2020 Fiscal Year Annual Research Report
Exploration of bifunctional catalysts for metal-air batteries via first-principles calculations
Project/Area Number |
19H02438
|
Research Institution | Osaka Prefecture University |
Principal Investigator |
池野 豪一 大阪府立大学, 工学(系)研究科(研究院), 准教授 (30584833)
|
Co-Investigator(Kenkyū-buntansha) |
山田 幾也 大阪府立大学, 工学(系)研究科(研究院), 准教授 (30378880)
|
Project Period (FY) |
2019-04-01 – 2022-03-31
|
Keywords | 計算材料科学 / 電気科学触媒 / エネルギー材料 / 第一原理計算 / 機械学習 / 超高圧合成 |
Outline of Annual Research Achievements |
本研究では、異常高原子価を含む遷移金属複合酸化物を対象として、第一原理計算から酸素発生反応(OER)・酸素還元反応(ORR)の自由エネルギー変化および理論過電圧を計算し、触媒反応機構を調べる。同時に同種元素からなる様々な構造バリエーションの化合物に対して系統的な評価を行い、体系的に整理することで、原子構造と触媒活性の相関を明らかにすると共に、金属・空気二次電池の実用化に向けた新たなOER・ORR二機能性触媒の材料設計指針を提案する。 2020年度は表面スラブモデルを用いた第一原理計算から、幾つかの高活性を示す系に対してその原因を電子論的観点から説明することに成功した。ポストスピネル型構造をとるCaFe2O4が高いOER活性を示すことは2019年度に実験的に見出しており、理論計算も進めてきた。さらなる計算を実施した結果、酸素欠損が理論過電圧の低減に寄与している可能が極めて高いことを示した。また、これまでは、真空表面における吸着を考慮した計算を行ってきたが、2020年度は溶媒の影響を考慮した場合の理論過電圧の変化についても定量的に評価を進めている。CaFe2O4 においては、溶媒(水)の有無による触媒反応機構の変化は見られなかった。 別の例として、単純ペロブスカイト型酸化物において、Bサイトの遷移金属イオンの一部を置換固溶させることで、OER活性が大幅に向上すること(シナジー効果)を実験的に見出した。ORRについても同様の報告がある。
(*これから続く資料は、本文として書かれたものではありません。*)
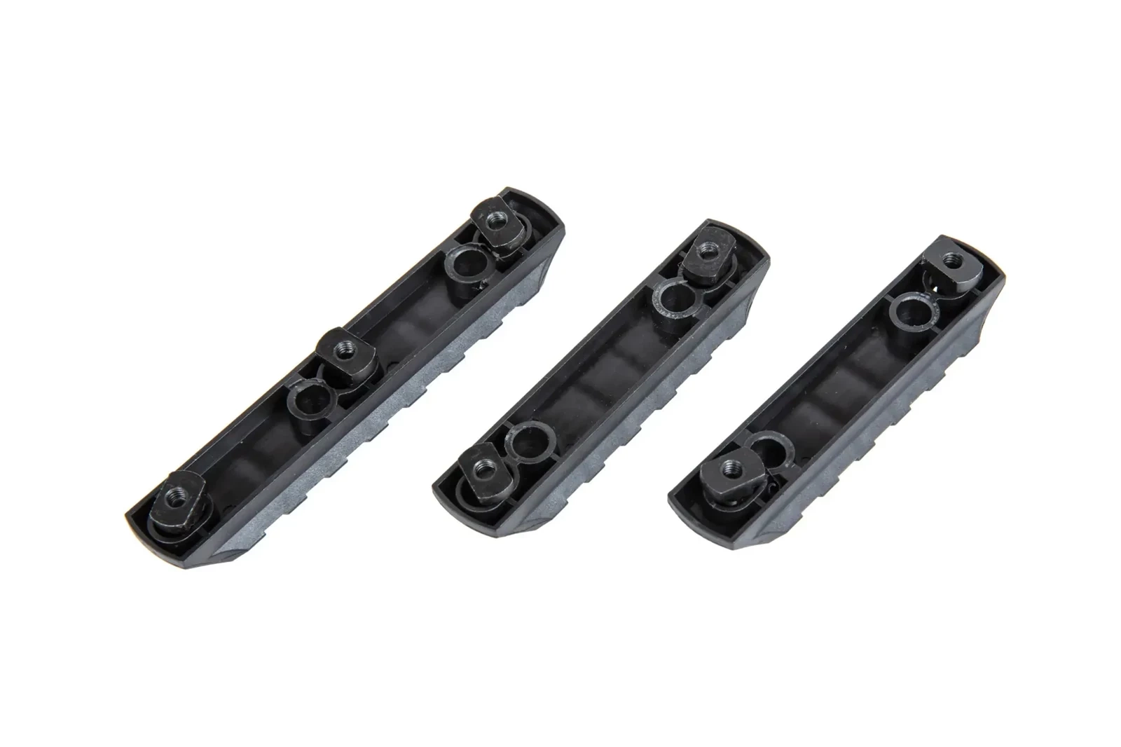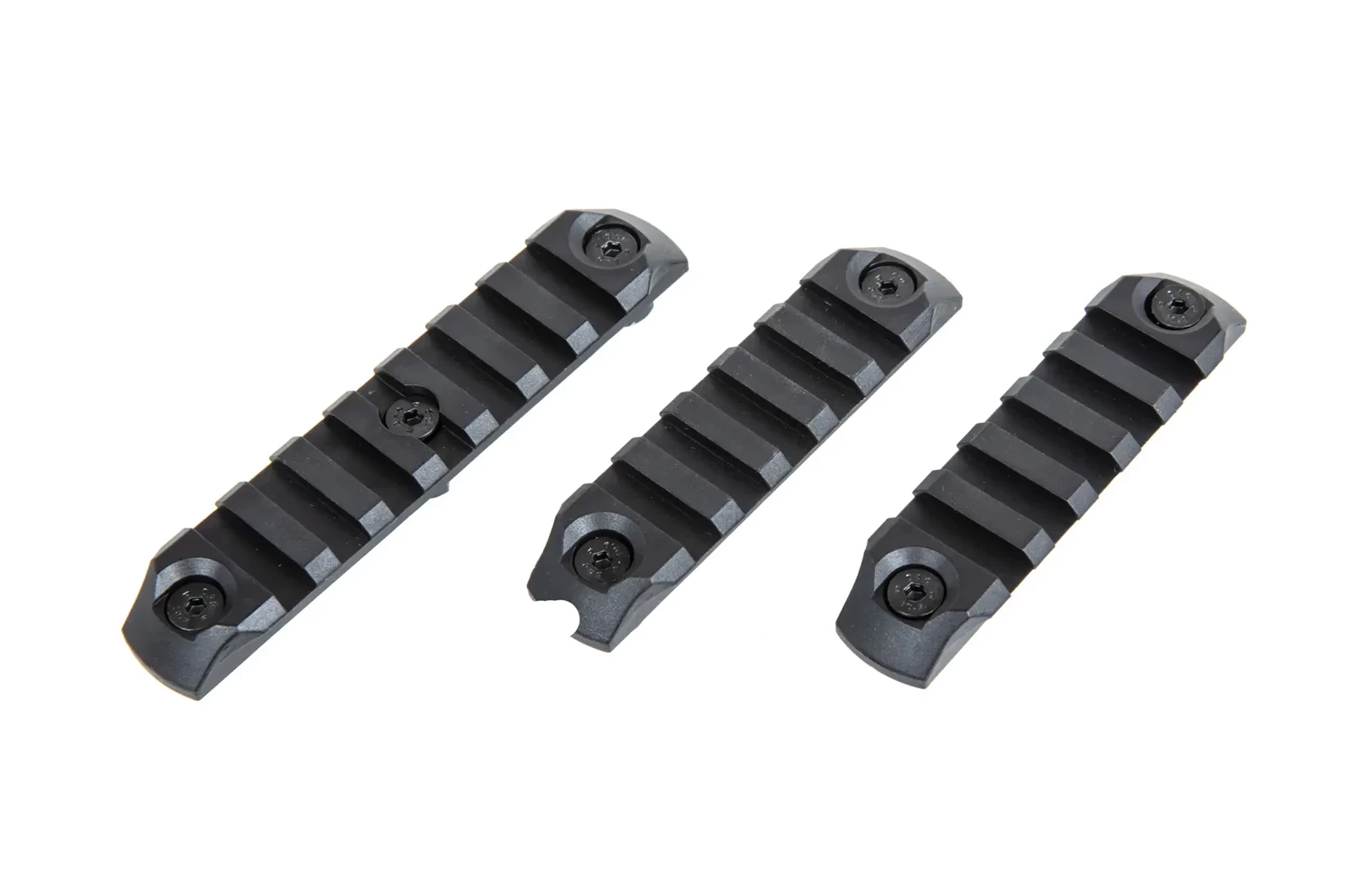 Zestaw składający się z trzech szyn RIS wykonanych z tworzywa o długościach 7,5cm oraz 9,5cm przeznaczonych na szyny MLOK.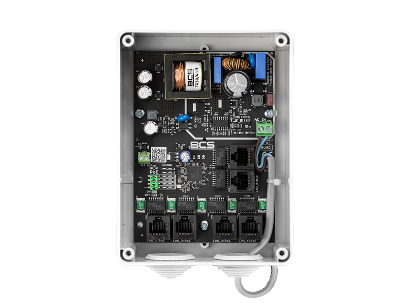 = KOD:314546 PKOD:22030 =PoE switch pro napájení CCTV IP kamer pro venkovní instalaci. Možnost napájení až 5 Přijímačů PoE 802.3at/af a PoE PASSIVE, a zařízení napájená 48V, 6 vstupů RJ-45, IP55 utěsněno, vyrobeno z vysoce kvalitního umělého vlákna, zajišťujícího odolnost proti UV záření a jiným škodlivým atmosférickým výkyvům, 2 montážní držáky kompletní. Napájení portu PoE: až 36 V.

Special quasi-random structure (SQS) モデルと呼ばれる、周期的境界条件下で擬似的にランダムネスを含む構造を表現するモデルを用いた第一原理計算を行ったところ、ペロブスカイト型構造のBサイトを2種類の遷移金属イオンがランダムに占有することで、個々のBサイト周辺の局所電子状態にバリエーションが生じ、一部の遷移金属サイトにおけるOER・ORR理論過電圧が低下することが分かった。
|
Current Status of Research Progress |
Current Status of Research Progress
2: Research has progressed on the whole more than it was originally planned.
Reason
2019年度には、様々な結晶構造を持つ遷移金属複合酸化物に対してOER触媒活性を予測することができる機械学習モデルの作成に成功した。これまで 酸素発生触媒活性と関連があるとされてきた指標は適用できる系(組成や結晶構造など)が限られるが、本研究で開発した予測モデルはデータ数を増やすことで任意の結晶構造を持つ系に適用できる。このモデルを使ってより高活性を示す物質を予測し、合成・評価を行うことで効率的な物質探索が可能となるものと期待される。 2019-2020年度においては、第一原理計算を用いた理論過電圧の計算を進めており、ポストスピネル構造や一部のペロブスカイト型酸化物固溶体において高いOER・ORR活性が得られる原因を理論的に示すことができた。特に、元素置換によって触媒活性を向上させるという研究は数多く行われているが、なぜ触媒活性が向上するのかについては十分な理論的裏付けがなされていなかった。本研究において、SQSモデルを用いた計算から電子論的観点から触媒活性向上の理由を説明することができることを示した。この方法は任意の固溶体に適用することが可能であり、より高活性な触媒材料の候補物質の探索に利用できるものと期待される。 また、共同研究者のグループにおいて遷移金属酸化物の高圧合成と触媒性能の評価も行っている。ポストスピネル構造をもつCaFe2O4における高いOER活性や、単純ペロブスカイト型構造をとる LaFexCo1-xO3 におけるシナジー効果を実験的に見出し、報告している。このように、実験・理論が密接に連携することでOER・ORR触媒活性に関する新しい知見が得られている。
|
Strategy for Future Research Activity |
これまでの研究から、複合酸化物中の遷移金属サイトの一部を別の元素で置換することにより、触媒活性を向上させることができることが示された。今後は、単純ペロブスカイト型構造を対象として、遷移金属元素の組み合わせや組成を変えながら、理論過電圧が低下する最適な系を理論的に予測する。ペロブスカイト型構造における過電圧はバルクにおける電荷移動エネルギー(B-3d非占有バンドとO-2pバンドのエネルギー差)と相関があることから、SQSモデルを用いたバルクの電子状態を系統的に行うことでこれを実現する。元素の組み合わせや組成によるシナジー効果の大小を系統的に評価することで、最適な触媒設計のための指針を提案する。 また、機械学習を用いたOER・ORR触媒特性の予測モデルを更に発展させる。解釈性の高い予測モデルを作成し、結晶構造の異なる複合酸化物の触媒活性を統一的に評価できる指標を発見することを目指す。また、得られた予測モデルを様々な結晶構造を持つ複合酸化物に対して適用し、より触媒活性の高い物質探索を行う。より高活性な触媒が得られた際には、表面スラブモデルを用いた第一原理計算により、詳細な反応機構を調べる。